BHRT is taken by dissolving a lozenge/troche in the mouth or by applying a cream to skin with underlying fat. Why is this? When a hormone is swallowed and digested, it passes into the bloodstream where it is metabolized in the liver. This process decreases the amount of active hormone in the bloodstream that is available to the body. In dissolving a troche between gum and cheek, or applying a cream which is absorbed through the skin, the concentration of bioidentical hormone in the bloodstream is therefore higher, effectively allowing more hormone to be available for use in the body. Bioidentical hormones are fat-soluble, therefore transport across the skin to fatty tissue aids absorption by the body.
Why do women choose BHRT? Many women find that conventional HRT fails to adequately deal with their symptoms, or makes them feel unwell. These women seek the opportunity for both the individualized dosing available with BHRT as well as the opportunity to tailor formulations to suit their individual biology and their personal and/or family medical history.

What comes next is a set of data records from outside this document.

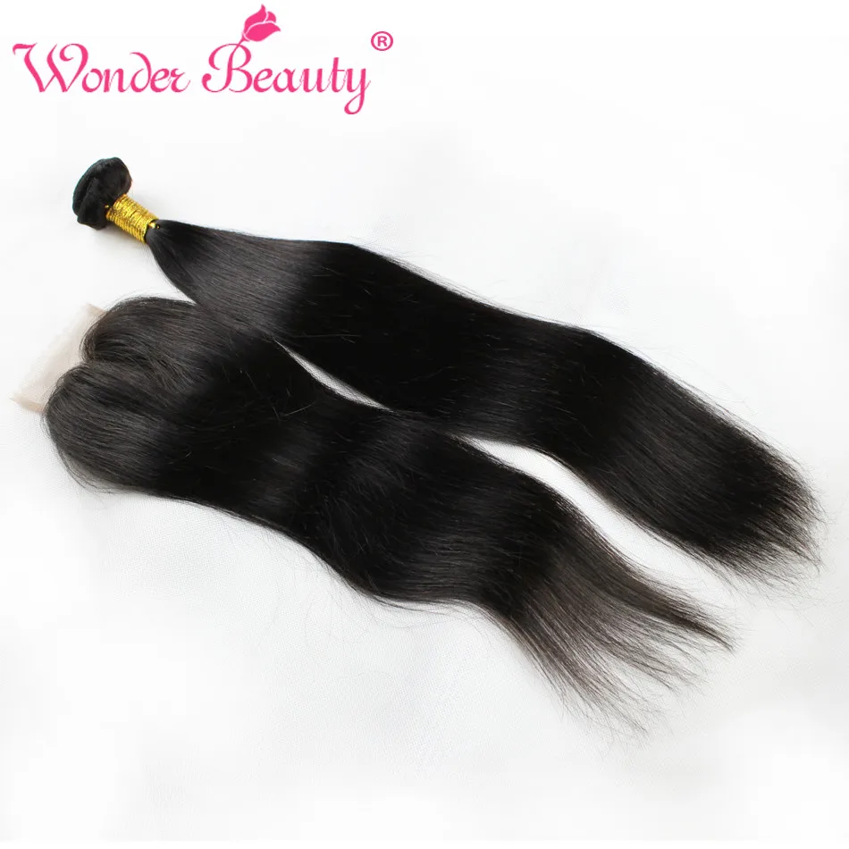 Peruvian Virgin Human Hair Straight With Closure 3 Bundles Wonder Beauty Straight Hair With Middle Free Three Part Lace Closures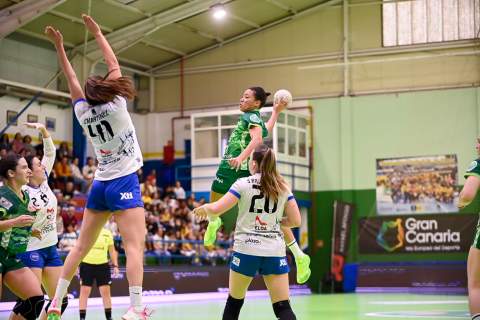 Tras el 4-4, las de Antonio Moreno le metieron una marcha más al partido. Entre intercambios de golpes y exclusiones en ambos bandos, las grancanarias pusieron una segunda ventaja de dos goles (6-4) en el partido. Eider Poles seguía capitalizando el juego ofensivo de su equipo como directora de orquesta, ahora acompañada por un juego coral al que se unieron Daniela Moreno y Arinegua Pérez, en los extremos, y los golazos de Larissa da Silva, que desplegaba con violencia su brazo.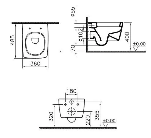 - Унитаз подвесной Vitra Metropole без боковых отверстий.

Increasingly, women have read or heard about successful outcomes with BHRT. Bioidentical hormones have the convenience of providing replacement therapy for any combination of any hormone deficiency in a single preparation – either a troche or cream.

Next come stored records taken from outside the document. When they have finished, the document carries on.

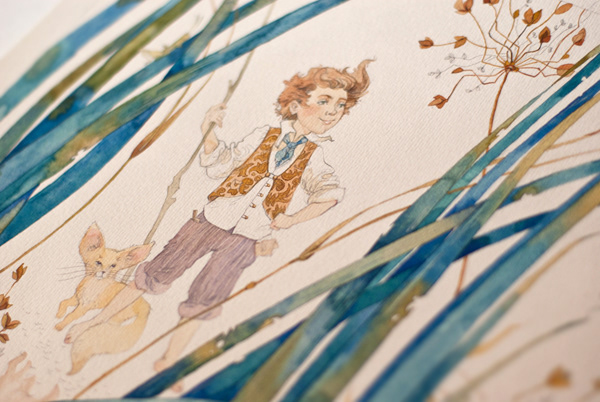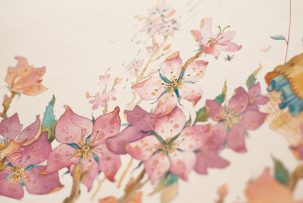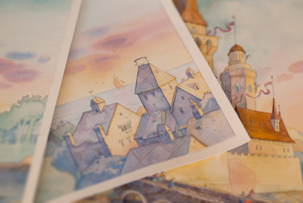 The artworks were done with traditional materials — pencil and watercolor on paper.
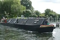 A converted working narrowboat, Clypeus, opens up leaving Penton Hook Lock heading upstream past the weir. Clypeus is number 28 in the Grand Union Canal Carrying Company fleet, being one of 12 iron composite pairs of Star Class boats built by Yarwoods of Northwich in 1935.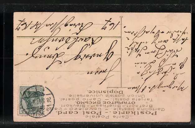 Personenbezogene Daten auf der Rückseite der Karte wurden durch blauen Textmarker unkenntlich gemacht. Die blauen Stellen sind auf die Vorderseite durchgeweicht und wirken sich negativ auf das Postkartenfoto aus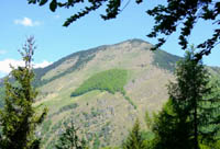 Hudičev boršt na južnem pobočju Zaplate, v ozadju vrh Cjanovca (1820m) |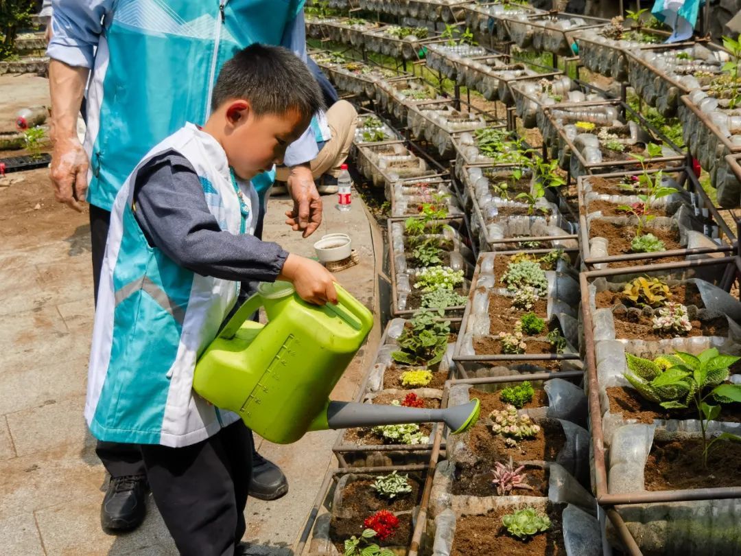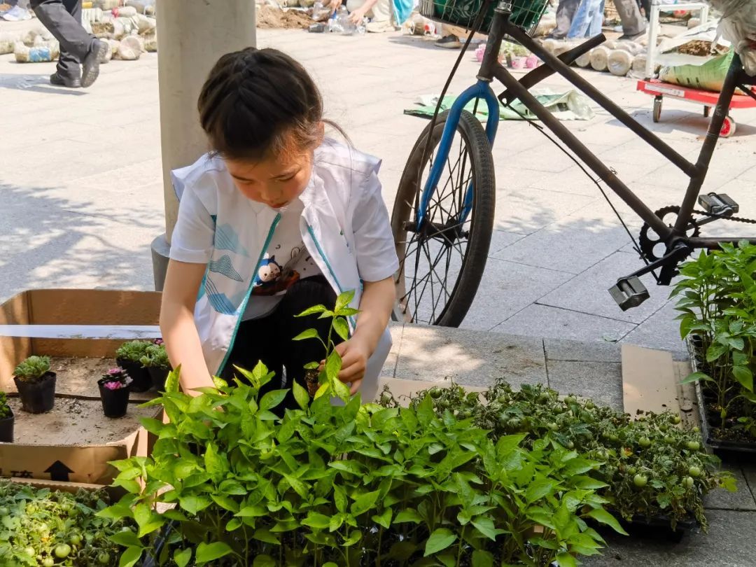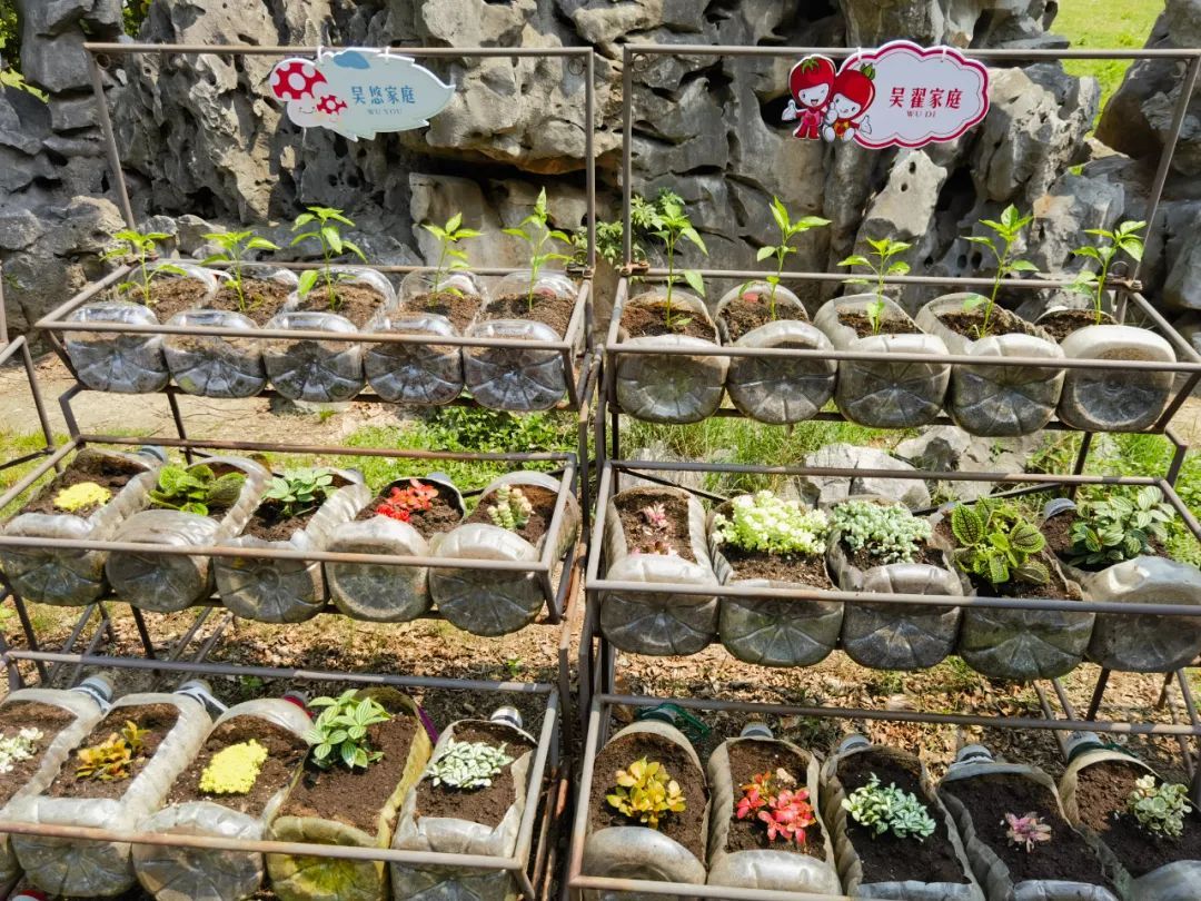 早上,十余名小朋友在家长的陪伴下抓阄认领了“责任田”后,来到小区小花园一侧的“亲瓶菜园”,认真打理自己负责的塑料瓶花盆。待换盆、松土完成后,孩子们精心挑选了番茄、辣椒苗和各种多肉植物,将其种进盆里并培土、浇水,很快,就让原本略显荒芜的立体菜园恢复了多彩生机。

How safe is long-term use of conventional HRT? Two large trials that formed part of the Women’s Health Initiative (WHI) study – one estrogen only (E) and the other estrogen plus progestin (E+P), were terminated earlier than planned. In February 2004, the E trial (0.625mg/day of conjugated equine estrogen – Premarin TM) of 11,000 women who had undergone hysterectomy was stopped at year 7 of 8 because it was deemed that the risks did not outweigh the benefits. Estrogen alone increased the risk of stroke, decreased risk of hip fracture, and had no effect on heart and appeared not to affect the risk of breast cancer. The E+P study (0.625mg Premarin TM plus 2.5mg of medroxyprogesterone acetate) was stopped in July 2002 after 6.5 years because the data showed an increased risk o breast cancer and because the risk of breast cancer, coronary heart disease, stroke and blood clots outweighed the benefits of reduced hip fracture and colorectal cancer. For both the E and the E+P study, there were 8 more strokes per 10,000 women for those on hormone treatment compared with those on placebo.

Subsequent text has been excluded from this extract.